**Problem to solve**
Repeat every line of the data exactly; the pictures stay out.

**Source data**
━━━━━━━━━━━━━━━━

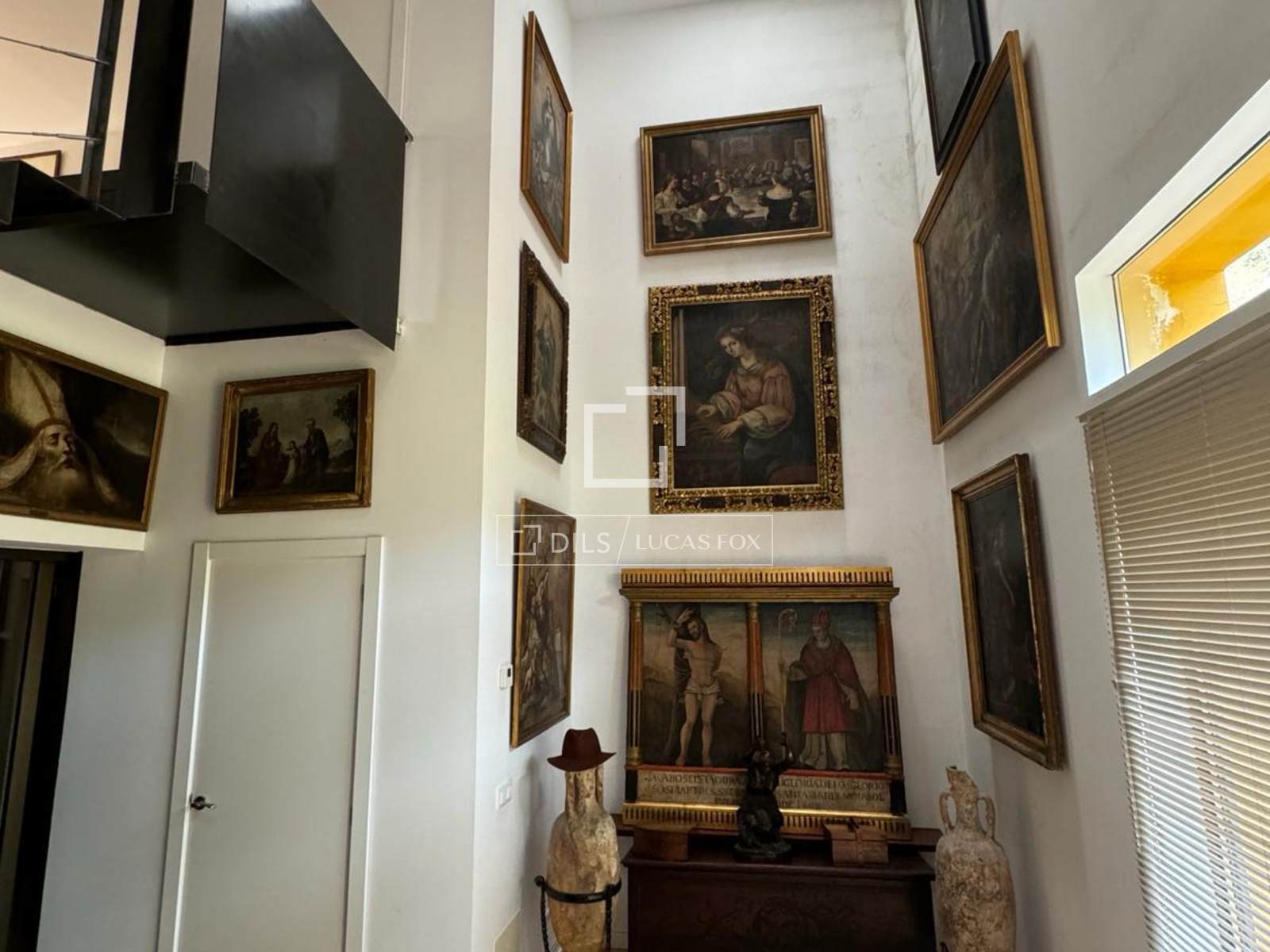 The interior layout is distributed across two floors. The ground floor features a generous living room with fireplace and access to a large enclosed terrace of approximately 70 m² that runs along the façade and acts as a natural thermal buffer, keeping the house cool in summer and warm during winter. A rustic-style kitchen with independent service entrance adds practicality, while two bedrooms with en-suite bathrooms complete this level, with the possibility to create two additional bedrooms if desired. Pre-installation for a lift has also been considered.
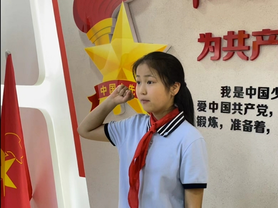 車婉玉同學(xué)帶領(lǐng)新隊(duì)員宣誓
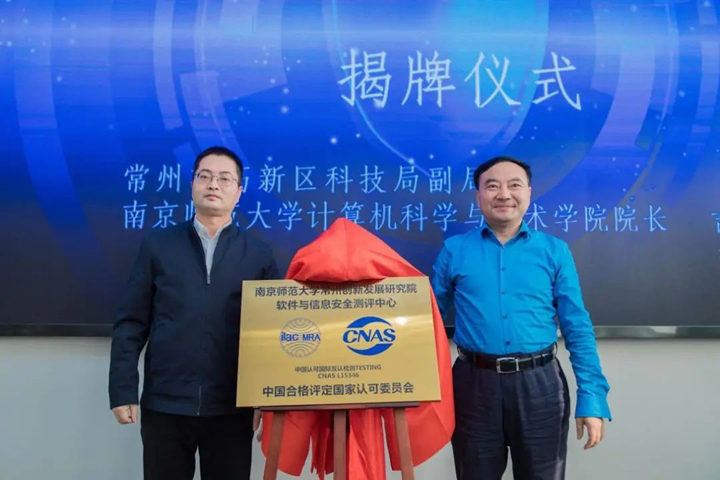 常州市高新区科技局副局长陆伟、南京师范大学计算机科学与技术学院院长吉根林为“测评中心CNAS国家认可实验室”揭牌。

━━━━━━━━━━━━━━━━

**Solved problem**
 The interior layout is distributed across two floors. The ground floor features a generous living room with fireplace and access to a large enclosed terrace of approximately 70 m² that runs along the façade and acts as a natural thermal buffer, keeping the house cool in summer and warm during winter. A rustic-style kitchen with independent service entrance adds practicality, while two bedrooms with en-suite bathrooms complete this level, with the possibility to create two additional bedrooms if desired. Pre-installation for a lift has also been considered.
 車婉玉同學(xué)帶領(lǐng)新隊(duì)員宣誓
 常州市高新区科技局副局长陆伟、南京师范大学计算机科学与技术学院院长吉根林为“测评中心CNAS国家认可实验室”揭牌。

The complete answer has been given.